Die bildet dann die Reservestaffel, dafür ist die gut. Oder wenn man in gefährlichem Terrain unterwegs ist, dann kommt in Zukunft die VHF ins Futteral und ne Balzer oder KevSpin zum Einsatz. Nachdem ich mich 2mal nacheinander an abgesunkener Wasserlinie auf Steinen zum Ausrutscher veranlaßt sah und zum Glück nur eine Rollenkurbel voll verbog sowie einen Kratzer an der Rute davontrug, sehe ich das gefährliches Terrain an - Schmodderkante auf Steinen, aalglatt besonders bei neuen Gummistiefeln. #t


----------



## Nordlichtangler (25. September 2007)

*AW: (H) Combo zum Schweren/Heavy Spinnen (Hecht)*



Living Dead schrieb:


> Die Mitchell gefällt?
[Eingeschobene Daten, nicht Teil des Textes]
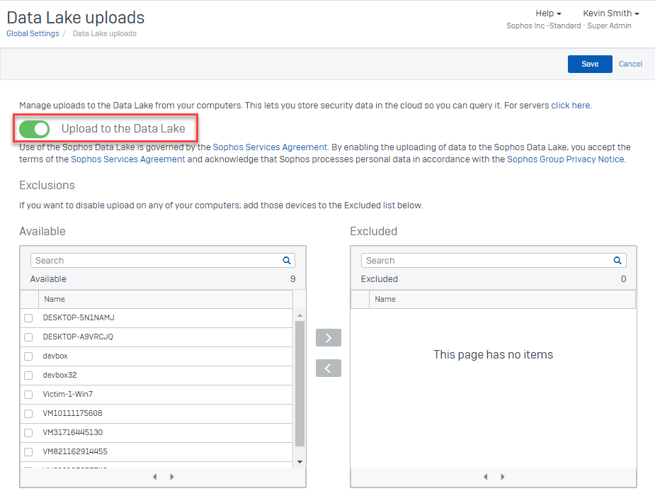 In your Sophos Central console select ‘Global Settings’ then under Endpoint select the ‘Data Lake uploads’ setting and turn on the 'Upload to the Data Lake' toggle. Once enabled we will perform scheduled hydration queries on for your devices which capture interesting threat hunting related data and send it to the Data Lake. From the settings page you can also exclude specific devices from sending data to the Sophos Data Lake if you wish.

Erzähl doch ma bissl!


Finde ich auch interessant, zumal da eine ganze Armada günstig in einer bekannten SoPo-Liste auftaucht.


----------



## Living Dead (26. September 2007)

*AW: (H) Combo zum Schweren/Heavy Spinnen (Hecht)*



AngelDet schrieb:


> Finde ich auch interessant, zumal da eine ganze Armada günstig in einer bekannten SoPo-Liste auftaucht.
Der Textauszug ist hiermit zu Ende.